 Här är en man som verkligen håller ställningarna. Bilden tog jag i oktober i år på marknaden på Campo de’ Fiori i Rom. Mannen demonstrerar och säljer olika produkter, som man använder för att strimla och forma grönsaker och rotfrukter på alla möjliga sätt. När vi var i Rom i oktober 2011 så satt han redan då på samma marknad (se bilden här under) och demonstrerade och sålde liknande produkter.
________________________________________
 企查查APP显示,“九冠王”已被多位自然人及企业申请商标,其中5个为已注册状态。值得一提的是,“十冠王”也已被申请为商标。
________________________________________
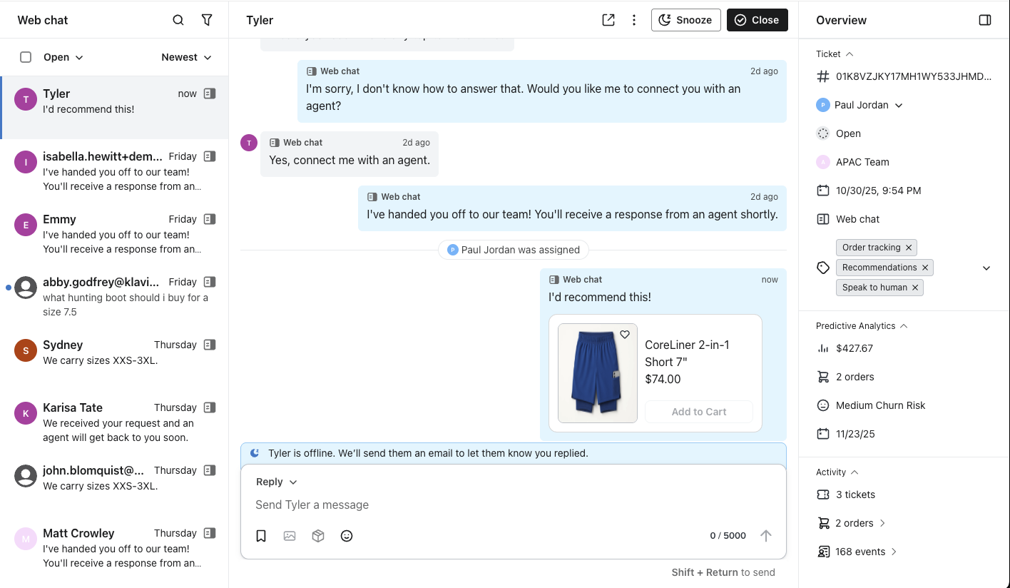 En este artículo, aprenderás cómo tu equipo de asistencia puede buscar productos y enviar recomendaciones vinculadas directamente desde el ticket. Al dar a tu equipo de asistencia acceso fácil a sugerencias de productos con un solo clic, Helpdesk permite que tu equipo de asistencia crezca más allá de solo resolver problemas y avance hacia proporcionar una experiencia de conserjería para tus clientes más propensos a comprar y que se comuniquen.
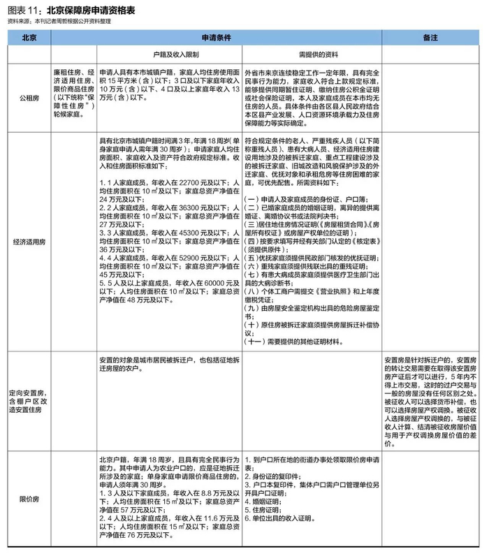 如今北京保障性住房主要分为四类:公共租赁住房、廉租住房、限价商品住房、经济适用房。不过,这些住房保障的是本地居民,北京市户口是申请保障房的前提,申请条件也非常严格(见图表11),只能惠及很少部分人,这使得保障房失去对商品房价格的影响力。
________________________________________
- [Work to be completed]: Of the lines above, copy only those from the one holding "En este artículo, aprenderás" to the one holding "如今北京保障性住房主要分为四", both included, and exclude every image.

- [Output of the exercise]:
 En este artículo, aprenderás cómo tu equipo de asistencia puede buscar productos y enviar recomendaciones vinculadas directamente desde el ticket. Al dar a tu equipo de asistencia acceso fácil a sugerencias de productos con un solo clic, Helpdesk permite que tu equipo de asistencia crezca más allá de solo resolver problemas y avance hacia proporcionar una experiencia de conserjería para tus clientes más propensos a comprar y que se comuniquen.
 如今北京保障性住房主要分为四类:公共租赁住房、廉租住房、限价商品住房、经济适用房。不过,这些住房保障的是本地居民,北京市户口是申请保障房的前提,申请条件也非常严格(见图表11),只能惠及很少部分人,这使得保障房失去对商品房价格的影响力。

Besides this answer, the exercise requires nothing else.